LVIV, Ukraine (JTA) – The rabbis sat around a breakfast table, discussing Russia’s war on the country where they work in a mixture of Yiddish, Hebrew and Russian. They named their hometowns as Lugansk, Lvov and Dnepr, the Russian names for Ukrainian cities that have vaulted into international headlines since Russia invaded Ukraine in February.
Although they were focused on Ukraine’s progress in the fighting, the rabbis uttered not a single word in Ukrainian. How could they? Like the vast majority of Jews in Ukraine, none of them speaks the country’s official language.

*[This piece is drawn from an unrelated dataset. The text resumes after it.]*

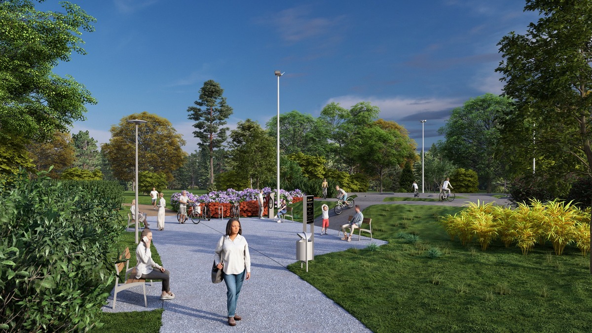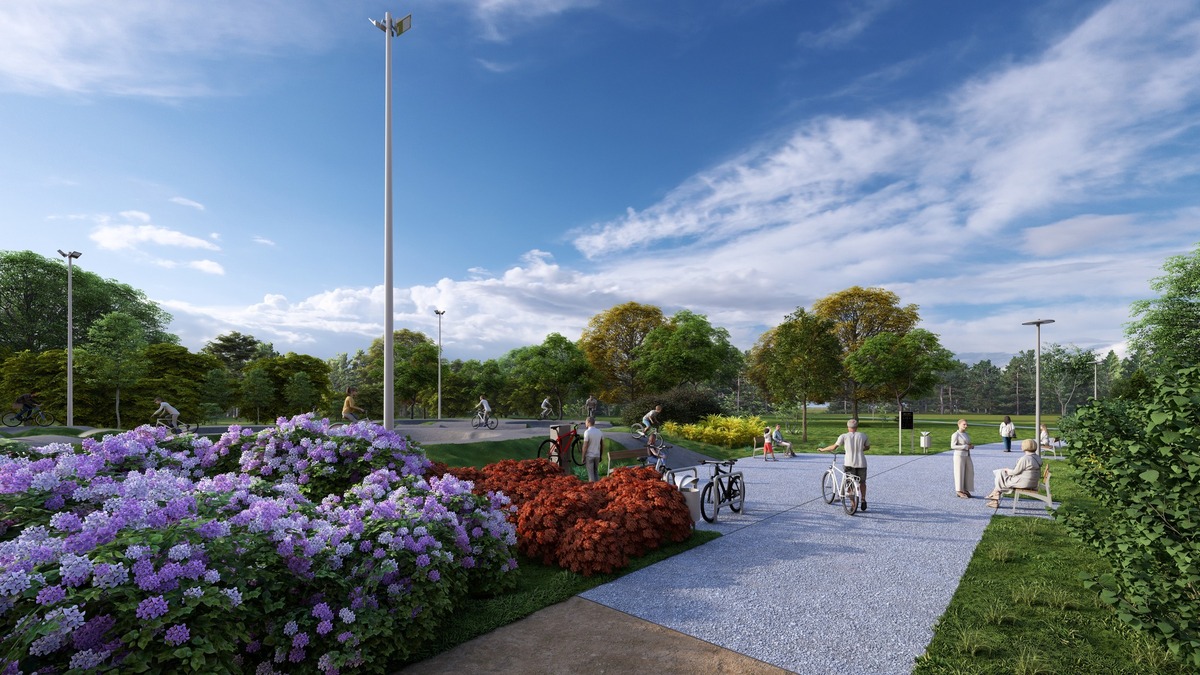 - Elementy małej architektury: ławki, kosze, stojaki na rowery, stacja naprawy rowerów.

Russian has long been the first language for a wide swath of Ukrainians, including the majority of the country’s Jews. But after the Russian invasion, many Ukrainians decided they wanted to speak less Russian and more Ukrainian. Many Jews, similarly horrified by the sight of thousands of Russian soldiers pouring over Ukraine’s borders and wishing to demonstrate their Ukrainian bonafides, have made the same choice — even as it means disrupting a long linguistic tradition.

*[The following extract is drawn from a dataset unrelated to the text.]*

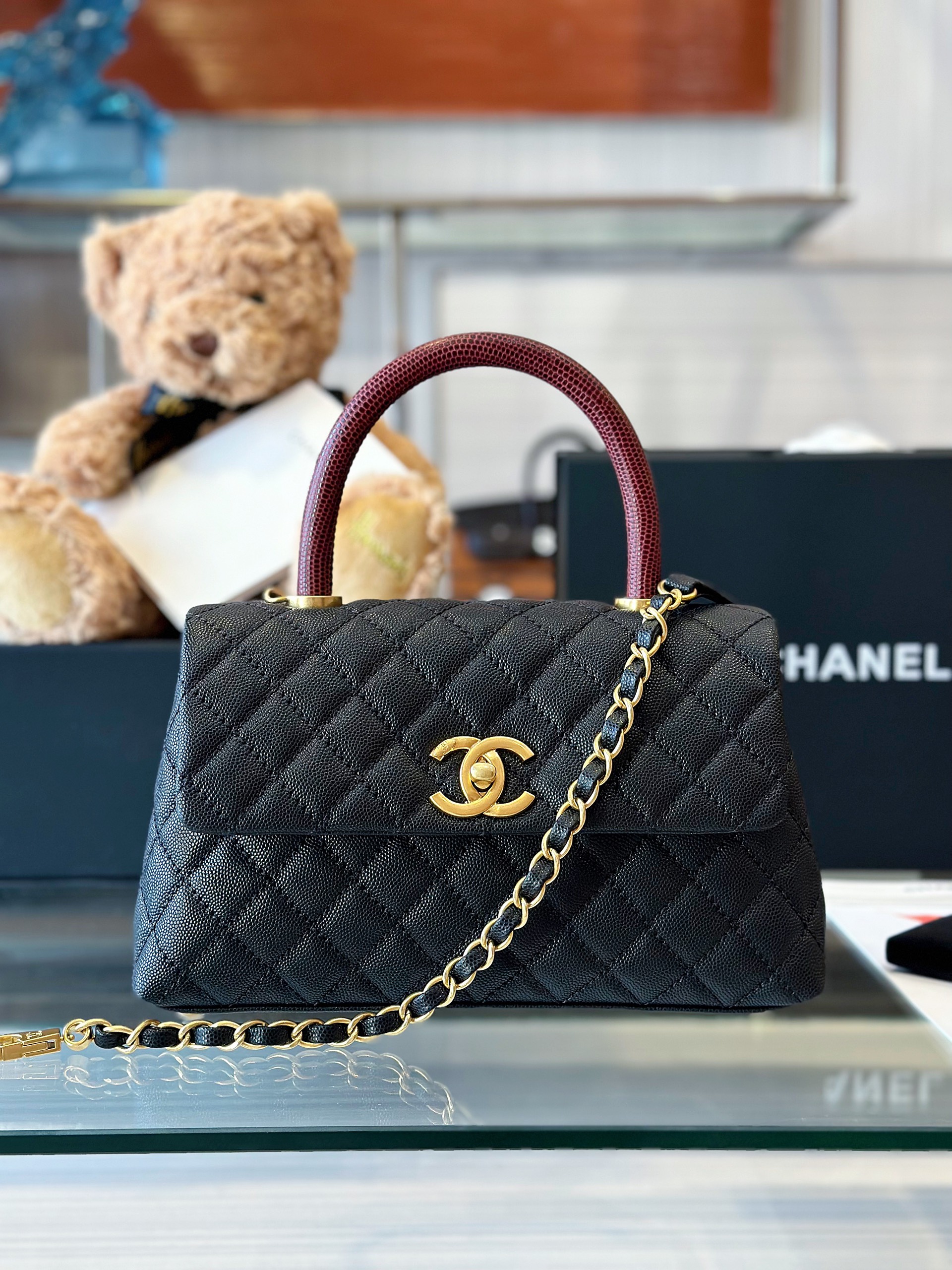 • Chanel Handbag Coco Lock Gold Lizard Skin Black 24cm

So when the rabbis’ successors meet for pancakes and sour cream, they will be far more likely to introduce themselves as the rabbis of Luhansk, Lviv and Dnipro, the Ukrainian names for their hometowns that have become the standard in English. They will also likely be able to hand their students and congregants Ukrainian-language versions of central Jewish texts that simply do not exist now.
“Many of my friends say that they are embarrassed to use Russian as a language. They say that we are Ukrainian Jews, and that Russia is a terrorist country fighting us and that we shouldn’t use their language,” said Rabbi Meir Stambler, from Dnipro. “Others say that [Russian president Vladimir] Putin doesn’t own the Russian language. It is an issue.”
He added, “This is something that people are discussing all the time.”
A decade ago, half of Ukrainians said they spoke Russian as their native language. That number has declined to 20%, fueled in part by resentment over Russia’s aggressions in Crimea, a contested region that it annexed by force in 2014. But Jews have remained predominantly Russian-speaking, even in parts of western Ukraine where Ukrainian has long been the dominant language. (Russian and Ukrainian are related linguistically, but their speakers cannot understand each other.)
Russia’s war on Ukraine has Ukrainian Jews playing catchup. Stambler, who heads the Federation of Jewish Communities, a body affiliated with the Hasidic Chabad-Lubavitch movement that operates a network of 36 synagogues around Ukraine, offers a stark prediction: “Within 10 years, every Jew in Ukraine will speak Ukrainian.”
The dominance of Russian among Ukraine’s Jews, who numbered in the tens of thousands before the war, has deep roots.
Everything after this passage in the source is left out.